Mr Lunatik shoots the sheriff

Publié le par Ða

Dear 4000,

"You want Eric crapped on?" the eager bartender in a Shimo-Kitazawa bar asked.   "Sure, why not?" I answered, looking round for Eric the fecal freak. When the dreary lyrics of "I Shot The Sheriff." came on, I felt more like crapping than clapping.

I took her to an "Adult Toys" shop in Kabukicho; stopping to admire the line of vibrators topped with former prime ministers' heads.  "Who do you like?" I asked.  No answer, she was passed out on the floor.  Too bad, she missed my favorite, the Hello Kitty. tool. Hello Kitty, Hello Pussy.

Ego strokes for older guys: sleeping with women less than half your age.  Women who are not whoring or seeking promotion, but actually like you.  The fractions game is best not played in your twenties.

I wondered if the American loudmouth with "Momma" tattooed on his arm was influenced by Baudrillard's ideas on images and identity. Or had he considered "M"s inked on his ass cheeks, his hole serving as the "O"? Upside down, of course, is wow.

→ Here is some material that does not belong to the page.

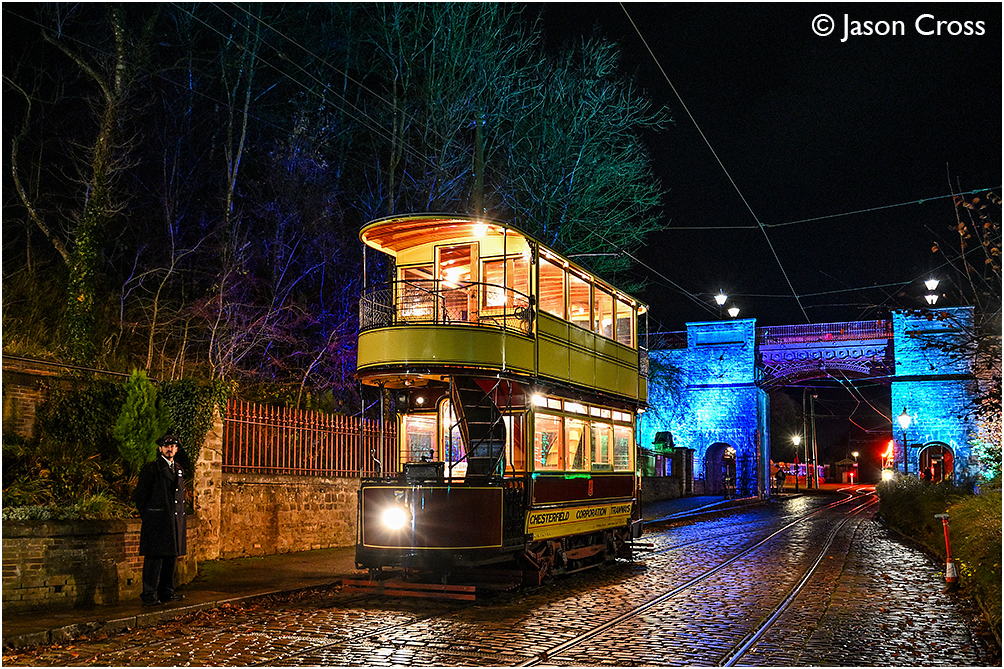 Chesterfield 7 waits to enter the tram depot at the end of the evening. Crich Tramway Village 'Tramlight' event. Date: 9 November 2025 Manipulation Notes: None

A night of canned heat and liquid laughter was capped by flying upside down.  It was great while it lasted, but then gravity kicked in. Flipping off your bike is very temporary fun.

Nova, the biggest English language school in Japan, is closed. Call it a scam rather than a school, an organized crime. Lie to customers, lie to staff. Enforce racism while ripping off locals. Blame it on the Boss of Nova.

Neither Hard Gay nor Real Hard Gay are gay.  Welcome to the wacky world of Japanese television.

Alone and lost in a dark forest, accompanied only by the distant boom of a Buddhist temple bell. 15 kilometers of sweating, up and down three mountains, wondering how to pull this one off. Two hours later I roared through the world's busiest railway station, heading for a chic Italian restaurant in one of Tokyo's trendiest districts. Just another day off in the Big Sushi.